• DATA IN THIS EXERCISE
--- START ---
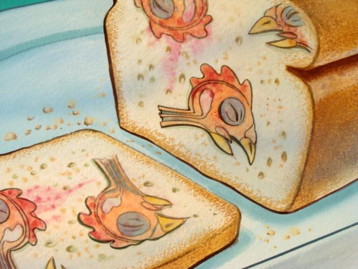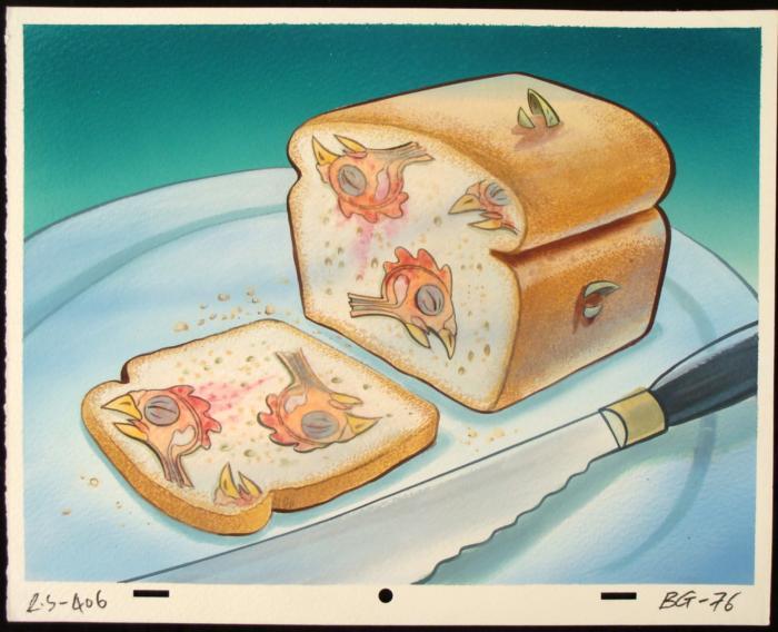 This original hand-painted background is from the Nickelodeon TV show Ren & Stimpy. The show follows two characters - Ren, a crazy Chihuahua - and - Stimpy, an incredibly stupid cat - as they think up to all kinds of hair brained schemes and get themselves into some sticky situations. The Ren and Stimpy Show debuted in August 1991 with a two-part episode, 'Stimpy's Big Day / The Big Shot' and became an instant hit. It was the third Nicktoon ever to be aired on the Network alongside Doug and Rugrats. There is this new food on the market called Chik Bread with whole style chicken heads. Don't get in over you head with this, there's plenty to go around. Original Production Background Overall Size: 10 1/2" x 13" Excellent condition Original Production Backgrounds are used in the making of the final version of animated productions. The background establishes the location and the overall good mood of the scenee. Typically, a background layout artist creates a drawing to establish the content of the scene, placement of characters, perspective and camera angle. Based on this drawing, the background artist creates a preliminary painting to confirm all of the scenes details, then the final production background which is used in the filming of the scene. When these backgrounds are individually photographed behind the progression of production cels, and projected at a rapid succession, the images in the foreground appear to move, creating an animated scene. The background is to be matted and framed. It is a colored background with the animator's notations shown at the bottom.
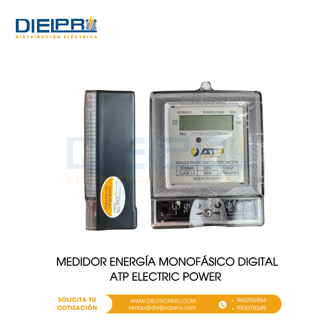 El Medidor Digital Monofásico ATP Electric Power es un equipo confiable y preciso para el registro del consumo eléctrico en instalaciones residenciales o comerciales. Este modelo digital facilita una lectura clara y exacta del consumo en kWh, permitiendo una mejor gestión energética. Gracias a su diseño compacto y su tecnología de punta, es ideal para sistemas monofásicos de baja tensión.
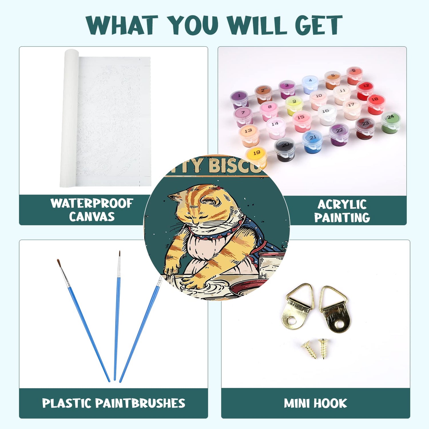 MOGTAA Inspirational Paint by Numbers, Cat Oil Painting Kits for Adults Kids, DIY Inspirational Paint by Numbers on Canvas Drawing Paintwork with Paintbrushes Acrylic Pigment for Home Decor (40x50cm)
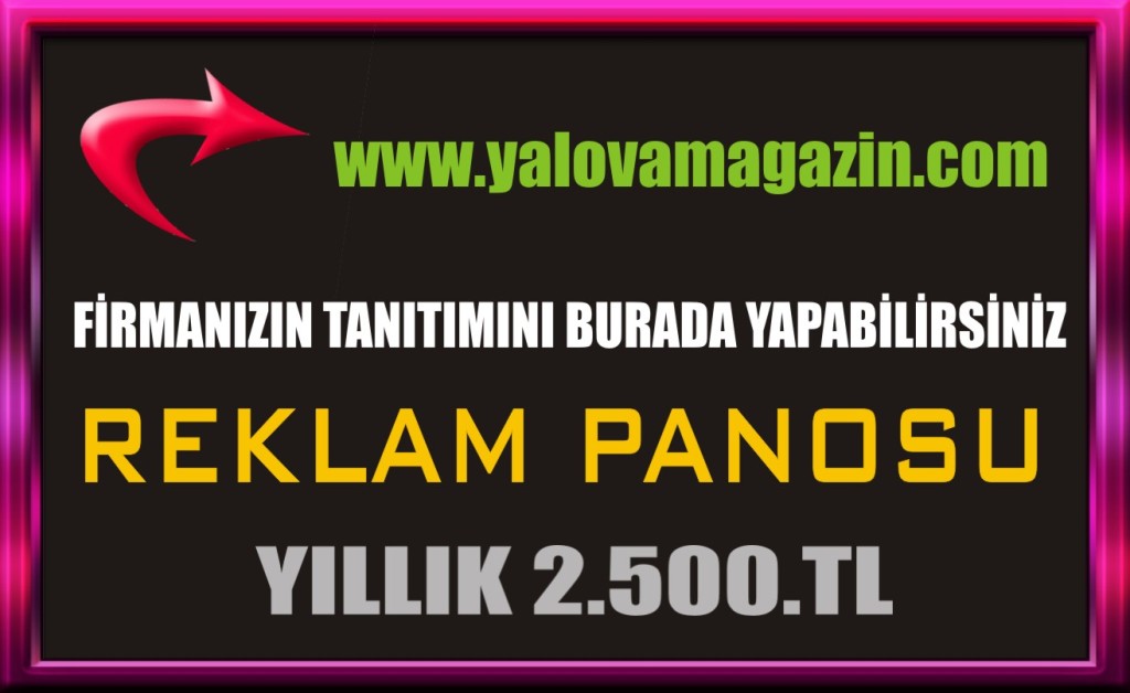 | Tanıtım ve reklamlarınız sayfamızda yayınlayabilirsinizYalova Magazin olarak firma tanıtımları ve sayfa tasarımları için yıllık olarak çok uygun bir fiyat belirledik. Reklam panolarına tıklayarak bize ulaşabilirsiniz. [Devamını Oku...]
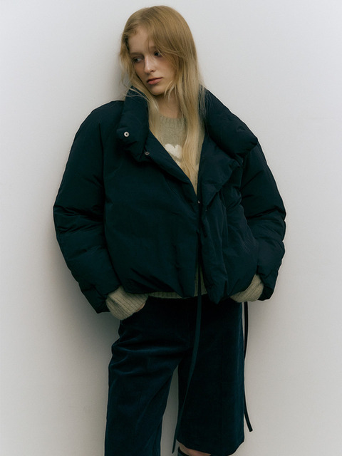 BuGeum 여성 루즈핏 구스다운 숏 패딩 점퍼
--- END ---
--- START ---
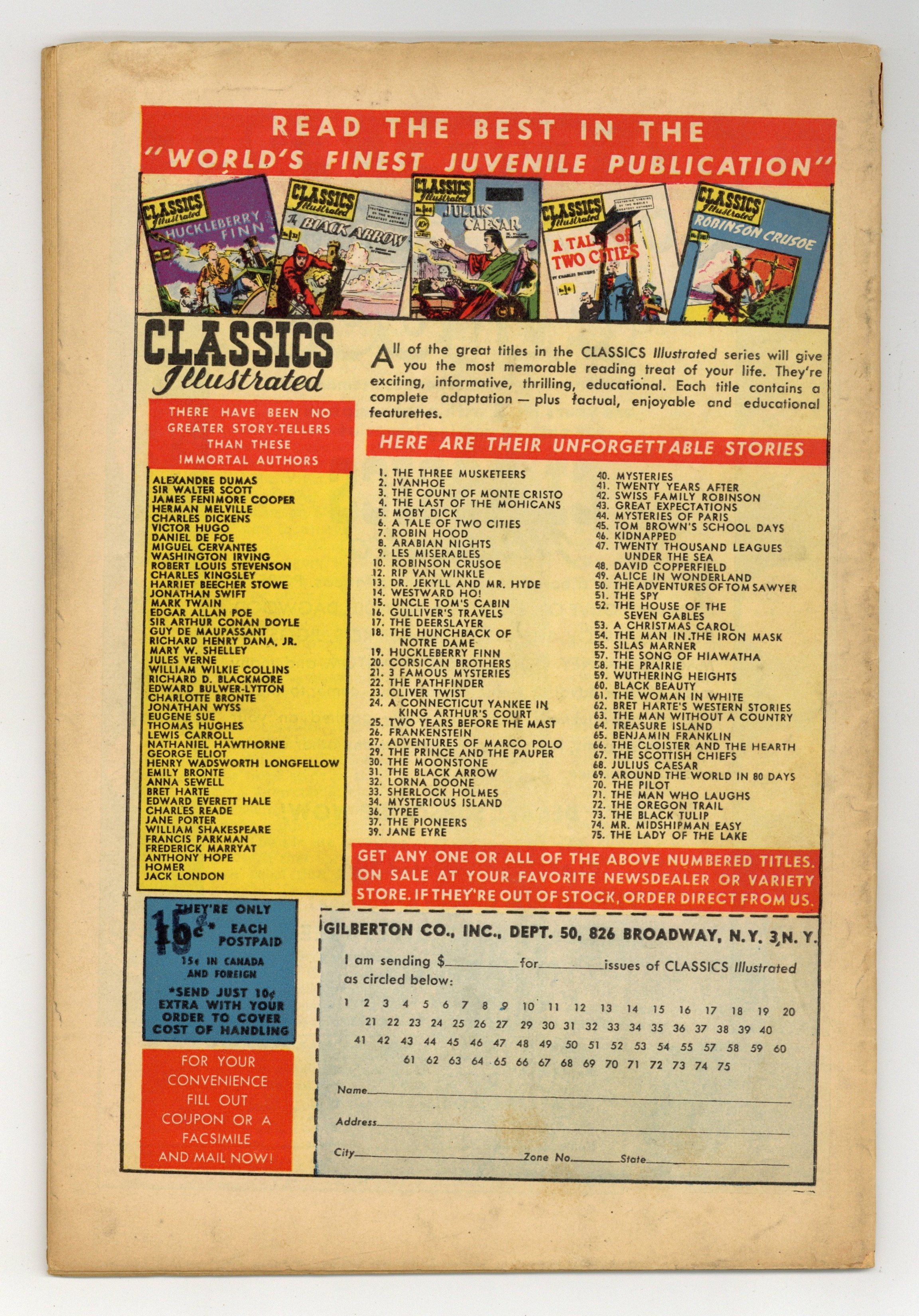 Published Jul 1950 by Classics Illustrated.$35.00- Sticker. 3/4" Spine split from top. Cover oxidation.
--- END ---
• WORK ORDER
Here the job is to copy the listing above word for word, starting at the line with "ulaşabilirsiniz. [Devamını Oku...]" and ending at the line with "BuGeum 여성 루즈핏 구스다운 숏 패딩 점퍼", and to leave out the pictures.

• TASK SOLUTION
 | Tanıtım ve reklamlarınız sayfamızda yayınlayabilirsinizYalova Magazin olarak firma tanıtımları ve sayfa tasarımları için yıllık olarak çok uygun bir fiyat belirledik. Reklam panolarına tıklayarak bize ulaşabilirsiniz. [Devamını Oku...]
 BuGeum 여성 루즈핏 구스다운 숏 패딩 점퍼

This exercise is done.